Robert Martin defines it as “Depend on abstractions, not on concretions or, A. High-level modules should not depend upon low-level modules. Both should depend upon abstractions. Abstractions should not depend upon details B. Abstraction should not depend upon details. Details should depend upon abstractions.”
If you use both OCP and LSP strictly, you will notice how a new pattern or structure emerges from it that can be generalized into what is known as the Dependency Inversion Principle.
This is one of the most useful principles, as it allows us to design software that is flexible (easy to change or extend), robust (reacts well to changes i.e. doesn’t break everywhere) and reusable (the parts of the system are very decoupled and we can extract them and use them in other projects), and whose main aim is to address bad design. The cause of badly designed software – software that is rigid, fragile, and immobile (opposite to flexible, robust and reusable in this case) – is the heavy hard-coded dependencies between its modules. These dependencies can, in turn, force the need of a cascade of changes when we want to introduce a tiny little change in the system (rigidity), or can result in a chain of unexpected errors (fragility), and of course, make impossible to reuse code in other applications because everything is so entwined that we might as well bring together the whole system.

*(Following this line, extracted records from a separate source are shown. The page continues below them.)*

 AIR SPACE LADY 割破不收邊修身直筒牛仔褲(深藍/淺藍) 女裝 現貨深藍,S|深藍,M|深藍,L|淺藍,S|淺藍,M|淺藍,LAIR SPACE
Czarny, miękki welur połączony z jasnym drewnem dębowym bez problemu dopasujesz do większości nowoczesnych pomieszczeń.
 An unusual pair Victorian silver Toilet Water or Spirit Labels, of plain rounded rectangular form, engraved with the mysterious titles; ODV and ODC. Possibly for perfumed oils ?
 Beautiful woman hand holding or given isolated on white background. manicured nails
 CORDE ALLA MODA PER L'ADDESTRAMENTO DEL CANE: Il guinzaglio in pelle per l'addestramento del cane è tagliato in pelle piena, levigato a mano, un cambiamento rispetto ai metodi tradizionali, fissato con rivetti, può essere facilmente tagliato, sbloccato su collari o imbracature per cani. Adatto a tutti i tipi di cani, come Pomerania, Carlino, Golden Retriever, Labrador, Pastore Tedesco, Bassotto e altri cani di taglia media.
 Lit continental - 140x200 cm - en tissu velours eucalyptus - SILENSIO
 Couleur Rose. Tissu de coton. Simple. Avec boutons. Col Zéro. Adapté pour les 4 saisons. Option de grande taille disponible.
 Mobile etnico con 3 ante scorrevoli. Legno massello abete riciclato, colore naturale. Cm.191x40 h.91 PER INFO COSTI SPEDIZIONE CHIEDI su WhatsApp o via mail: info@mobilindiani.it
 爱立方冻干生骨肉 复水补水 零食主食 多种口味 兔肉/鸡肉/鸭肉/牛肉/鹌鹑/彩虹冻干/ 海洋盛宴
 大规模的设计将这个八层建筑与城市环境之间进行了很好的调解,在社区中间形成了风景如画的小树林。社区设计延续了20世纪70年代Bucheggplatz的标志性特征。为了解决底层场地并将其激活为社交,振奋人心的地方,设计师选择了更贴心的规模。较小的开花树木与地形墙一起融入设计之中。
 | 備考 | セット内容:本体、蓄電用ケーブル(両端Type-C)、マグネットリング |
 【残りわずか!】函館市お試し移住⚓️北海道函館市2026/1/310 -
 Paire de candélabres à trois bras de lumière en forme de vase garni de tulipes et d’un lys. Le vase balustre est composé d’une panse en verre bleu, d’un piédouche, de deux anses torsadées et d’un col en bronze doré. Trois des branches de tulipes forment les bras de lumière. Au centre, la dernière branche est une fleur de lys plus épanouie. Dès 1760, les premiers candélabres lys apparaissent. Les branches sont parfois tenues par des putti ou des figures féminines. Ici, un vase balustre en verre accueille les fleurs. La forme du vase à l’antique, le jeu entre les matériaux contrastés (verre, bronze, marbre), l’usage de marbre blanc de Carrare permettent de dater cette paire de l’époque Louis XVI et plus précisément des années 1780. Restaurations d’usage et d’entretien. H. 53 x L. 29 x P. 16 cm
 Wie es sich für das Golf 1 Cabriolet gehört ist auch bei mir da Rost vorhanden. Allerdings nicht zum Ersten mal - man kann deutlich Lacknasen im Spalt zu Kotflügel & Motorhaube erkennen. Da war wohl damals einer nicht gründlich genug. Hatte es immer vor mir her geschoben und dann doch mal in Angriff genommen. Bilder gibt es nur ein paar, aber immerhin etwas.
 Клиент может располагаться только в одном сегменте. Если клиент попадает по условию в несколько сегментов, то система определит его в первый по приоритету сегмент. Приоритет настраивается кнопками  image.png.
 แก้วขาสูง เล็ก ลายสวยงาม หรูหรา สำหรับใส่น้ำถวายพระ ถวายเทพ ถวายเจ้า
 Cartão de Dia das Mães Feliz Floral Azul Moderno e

The DIP addresses this problem saying no to hard-coded and top-down dependencies. The high- level modules should not depend upon the low-level modules, everything has to depend upon abstractions (thereby we get and “inverted” dependency). This way, the high-level modules don’t know exactly what they depend upon, they just know they are using something that must adhere to a given interface, and thus, everything that follows that interface contract can be plugged in (or plugged out). If you extend the principle to the whole system you end up with a set of highly decoupled modules, that are completely isolated from changes in other modules and that can be easily reused. You end up with a well-defined set of interfaces or abstractions that define the policy of your system and a set of concrete implementations that are connected via these abstractions.
Published at DZone with permission of Amir Ahani, DZone MVB. See the original article here.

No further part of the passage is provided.